A Run triggers the assistant to process the thread and generate a response:

import time

# Create a run
run = client.beta.threads.runs.create(
    thread_id=thread.id,
    assistant_id=assistant.id
)

# Poll until completion
while run.status in ["queued", "in_progress"]:
    time.sleep(1)
    run = client.beta.threads.runs.retrieve(
        thread_id=thread.id,
        run_id=run.id
    )

# Retrieve the assistant's response
messages = client.beta.threads.messages.list(
    thread_id=thread.id,
    order="desc",
    limit=1
)

print(messages.data[0].content[0].text.value)

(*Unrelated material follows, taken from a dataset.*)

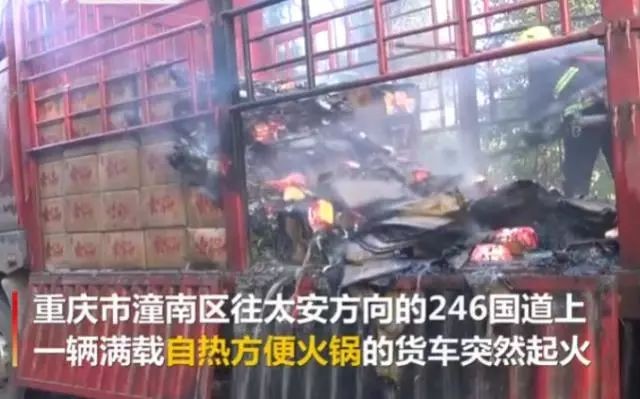 2吨自热方便火锅半路起火,提前熟了!网友:强忍香味扑灭了

Using the Streaming API (Recommended)

Polling adds latency. The streaming approach delivers tokens as they’re generated:

with client.beta.threads.runs.stream(
    thread_id=thread.id,
    assistant_id=assistant.id
) as stream:
    for text in stream.text_deltas:
        print(text, end="", flush=True)

Function Calling Integration

import json

# Define the assistant with a function tool
assistant = client.beta.assistants.create(
    name="Weather Assistant",
    model="gpt-4o",
    tools=[{
        "type": "function",
        "function": {
            "name": "get_current_weather",
            "description": "Get the current weather for a location",
            "parameters": {
                "type": "object",
                "properties": {
                    "location": {"type": "string"},
                    "unit": {"type": "string", "enum": ["celsius", "fahrenheit"]}
                },
                "required": ["location"]
            }
        }
    }]
)

# Handle tool calls during a run
run = client.beta.threads.runs.create(
    thread_id=thread.id,
    assistant_id=assistant.id
)

while run.status == "requires_action":
    tool_calls = run.required_action.submit_tool_outputs.tool_calls
    tool_outputs = []
    
    for tc in tool_calls:
        args = json.loads(tc.function.arguments)
        # Call your actual function here
        result = {"temperature": 22, "condition": "sunny"}
        tool_outputs.append({
            "tool_call_id": tc.id,
            "output": json.dumps(result)
        })
    
    run = client.beta.threads.runs.submit_tool_outputs(
        thread_id=thread.id,
        run_id=run.id,
        tool_outputs=tool_outputs
    )
    
    time.sleep(1)
    run = client.beta.threads.runs.retrieve(thread_id=thread.id, run_id=run.id)

Cost Considerations

Assistants API pricing in 2026 includes:

Cost Component	Details
Input/output tokens	Same as Chat Completions API rates
File Search	$0.10 per GB/day for vector storage
Code Interpreter	$0.03 per session
File storage	$0.20 per GB/day

Cost-saving tips:

Use gpt-4o-mini for most tasks — it handles retrieval and function calling well
Delete threads and files when a session ends
Set max_prompt_tokens and max_completion_tokens on runs to cap costs
Use truncation_strategy to control how long threads are summarized

Assistants API vs. Chat Completions API

Scenario	Use Assistants API	Use Chat Completions
Multi-turn conversations	Yes	Manage history yourself
Document Q&A	Yes (File Search)	Use embeddings + RAG
Code execution sandbox	Yes	No
Simple one-shot queries	Overkill	Yes
Streaming responses	Supported	Yes, simpler
Full control over context	No	Yes
Lower latency	No	Yes

The Assistants API shines for user-facing chatbots where you want persistent history, document grounding, and tool use without building the scaffolding yourself. For batch processing, RAG pipelines you control, or latency-sensitive applications, direct completions remain the better choice.